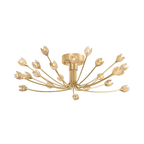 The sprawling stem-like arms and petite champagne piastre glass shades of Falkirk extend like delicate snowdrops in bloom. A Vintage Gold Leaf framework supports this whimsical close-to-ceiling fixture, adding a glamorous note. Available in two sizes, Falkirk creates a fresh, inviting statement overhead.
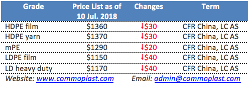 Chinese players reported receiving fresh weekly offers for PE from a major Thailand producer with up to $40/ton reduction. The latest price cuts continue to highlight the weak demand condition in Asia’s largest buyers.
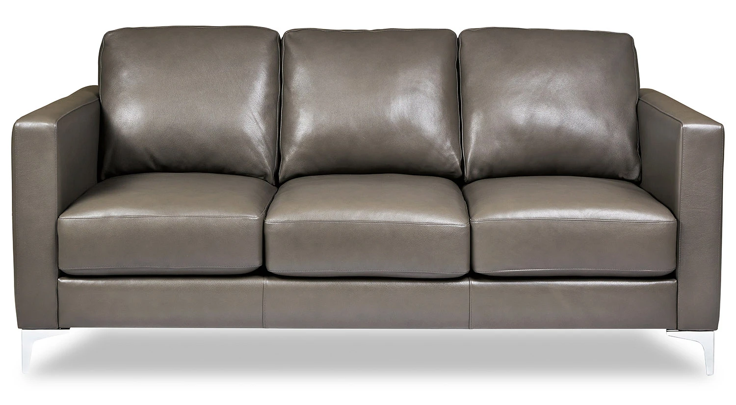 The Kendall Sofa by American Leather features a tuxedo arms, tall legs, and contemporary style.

...

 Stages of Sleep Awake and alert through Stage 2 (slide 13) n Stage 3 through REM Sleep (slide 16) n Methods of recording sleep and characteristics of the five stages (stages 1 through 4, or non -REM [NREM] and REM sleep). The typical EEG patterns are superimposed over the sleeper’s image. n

Work request:
Transcribe the lines above exactly, beginning at the one with "The sprawling stem-like" and ending at the one with "The Kendall Sofa". Include both; exclude the pictures.

Exercise response:
 The sprawling stem-like arms and petite champagne piastre glass shades of Falkirk extend like delicate snowdrops in bloom. A Vintage Gold Leaf framework supports this whimsical close-to-ceiling fixture, adding a glamorous note. Available in two sizes, Falkirk creates a fresh, inviting statement overhead.
 Chinese players reported receiving fresh weekly offers for PE from a major Thailand producer with up to $40/ton reduction. The latest price cuts continue to highlight the weak demand condition in Asia’s largest buyers.
 The Kendall Sofa by American Leather features a tuxedo arms, tall legs, and contemporary style.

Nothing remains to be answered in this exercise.